Claude Code and Opus 4.6: Agent Teams Are Here
Anthropic shipped Claude Opus 4.6 on 5 February 2026 as part of Claude Code v2.1.32, with three major advances: a 1 million token context window (beta), adaptive thinking, and a 128K token output limit. At the same time, Claude Code gained Agent Teams — a research preview for multi-agent orchestration that is directly relevant to enterprise automation.

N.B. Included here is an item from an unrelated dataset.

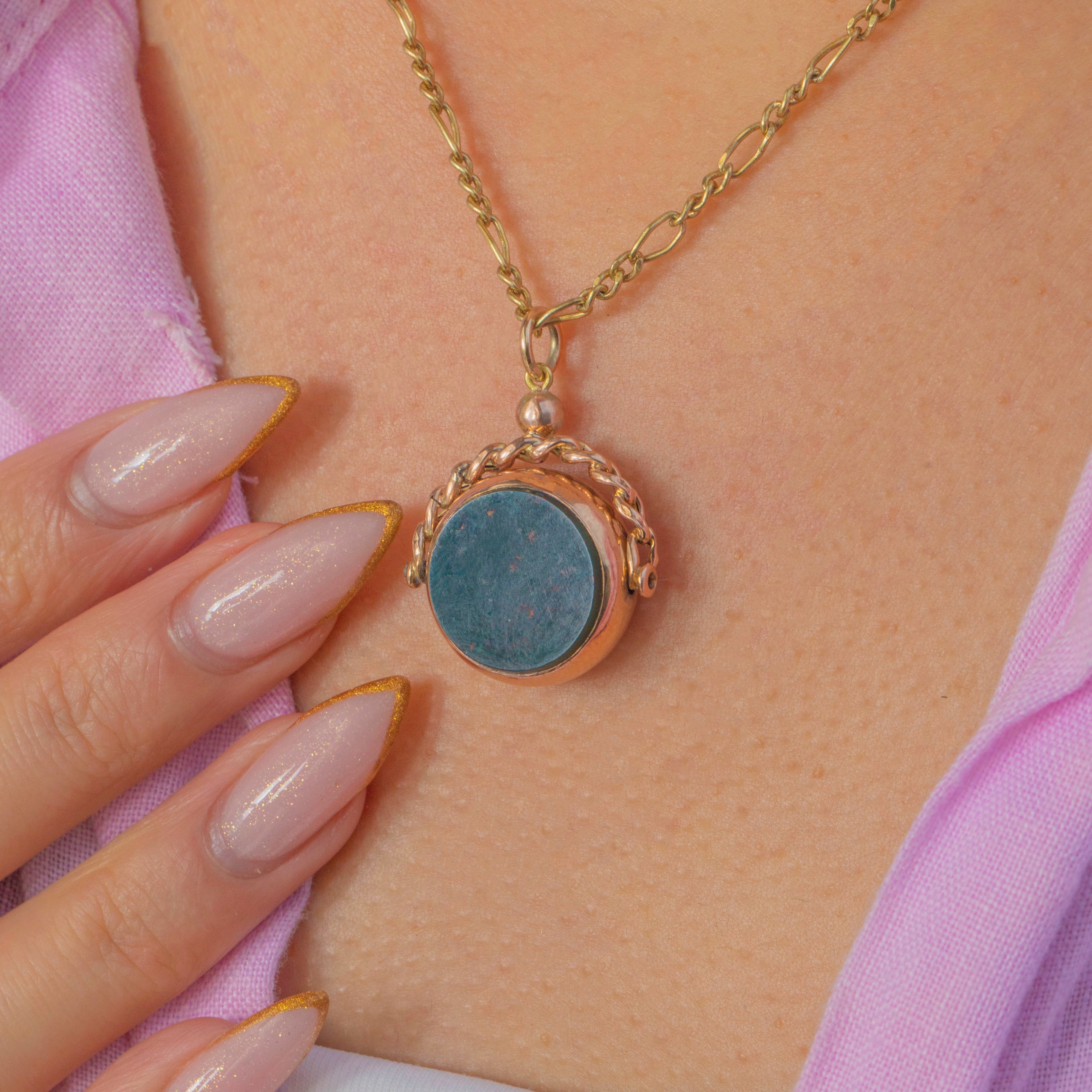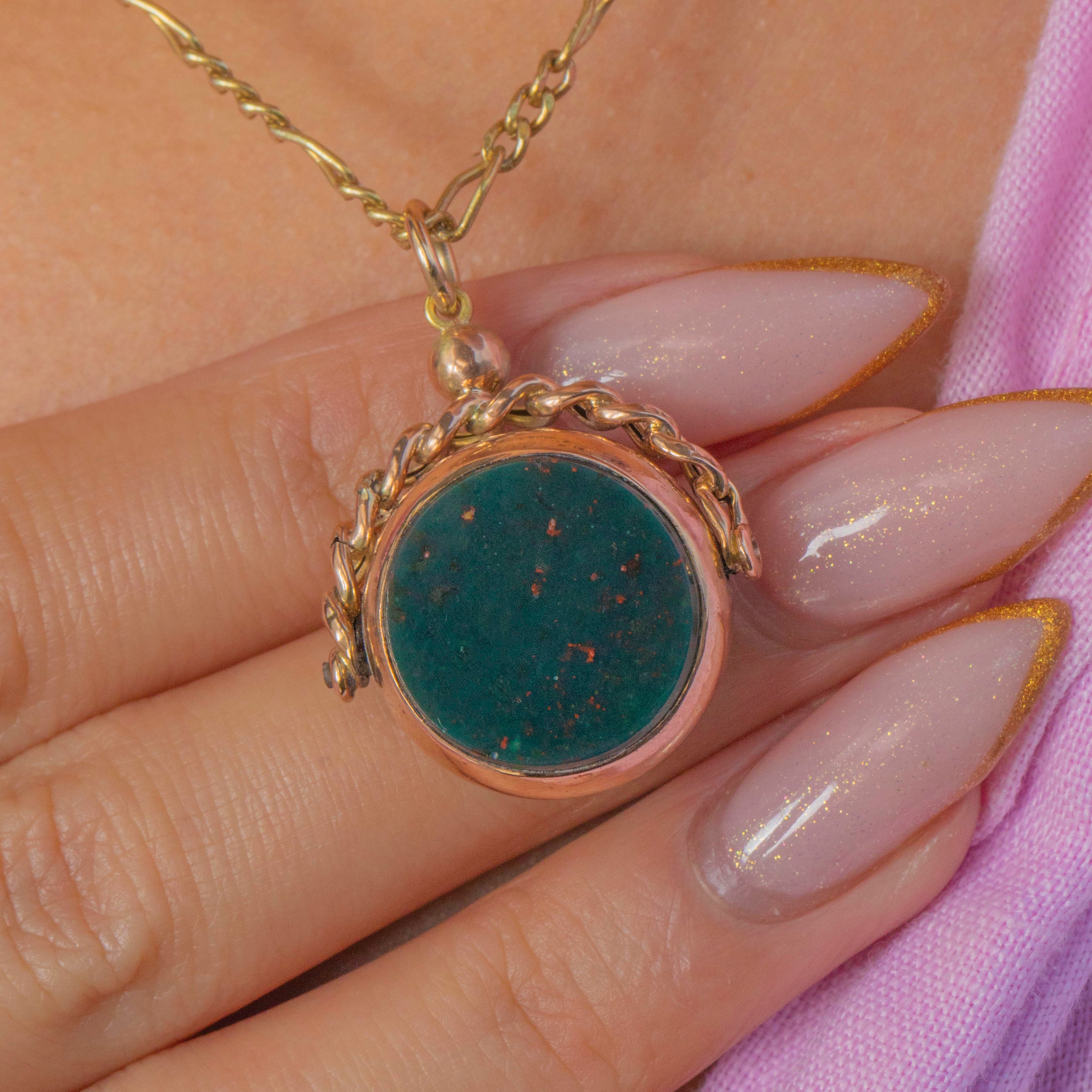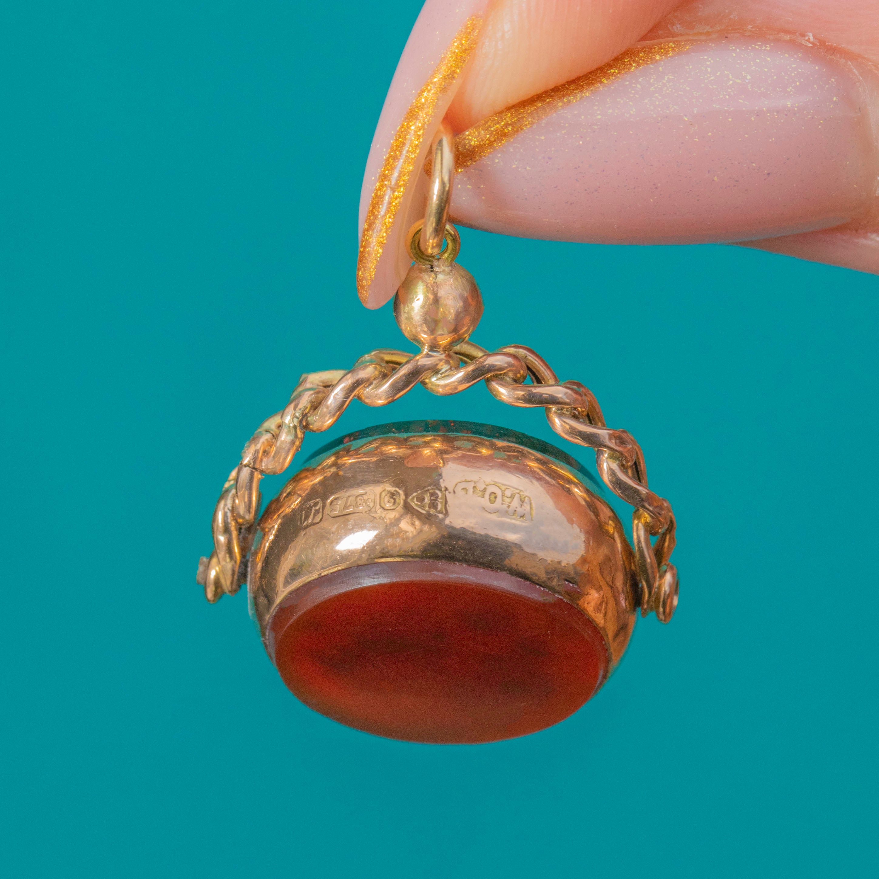 This Edwardian 9ct Gold spinner fob, dated 1912, features a classic combination of deep green Bloodstone on one side and warm orange Carnelian on the other. The rotating design allows it to be worn showing either gemstone, making it a versatile and timeless antique accessory.

Opus 4.6: context and control
Opus 4.6 is the first Opus-class model with a 1M-token context window in beta, so entire codebases and long document sets can sit in a single context. Adaptive thinking means the model decides how much reasoning effort to apply, with manual override via a /effort parameter — so you can trade speed for depth. The 128K output limit supports much longer generated artefacts (docs, reports, configs) in one go. Benchmarks improved sharply: Terminal-Bench 2.0 at 65.4%, OSWorld at 72.7%.

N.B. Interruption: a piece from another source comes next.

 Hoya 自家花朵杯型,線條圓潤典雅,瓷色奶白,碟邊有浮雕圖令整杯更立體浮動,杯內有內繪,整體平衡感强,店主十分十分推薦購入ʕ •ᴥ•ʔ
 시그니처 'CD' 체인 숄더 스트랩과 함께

Agent Teams (research preview)
Agent Teams let multiple Claude instances work in parallel with a "team lead" coordinating work. Features include shared task boards with dependency resolution, direct messaging between agents via SendMessage, and quality gates through TeammateIdle and TaskCompleted hooks for code review and validation. You enable it with CLAUDE_CODE_EXPERIMENTAL_AGENT_TEAMS=1. For enterprises, this is a step toward multi-agent workflows where different agents own different steps (e.g. one for extraction, one for validation, one for reporting).

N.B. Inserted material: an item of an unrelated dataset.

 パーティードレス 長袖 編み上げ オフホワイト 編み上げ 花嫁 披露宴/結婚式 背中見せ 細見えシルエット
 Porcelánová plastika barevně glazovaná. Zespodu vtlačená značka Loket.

Desktop: preview, review, merge
By 20 February 2026, Claude Code desktop added app preview (run dev servers and view apps in the interface), automated inline code review, and PR monitoring with auto-fix and auto-merge. Sessions can move between desktop, mobile, and CLI. For teams, that means tighter loops between AI-generated code and human review — a pattern we mirror in our own guardrailed automation.
Why it matters for ConvertToAI
Long context plus adaptive thinking fits document-heavy and multi-step workflows (legal, compliance, due diligence). Agent Teams points the way to orchestrated multi-agent pipelines. We use these capabilities to design solutions where the right model handles the right step — Opus 4.6 for deep analysis and long-context reasoning, with other models for speed or specialism where needed.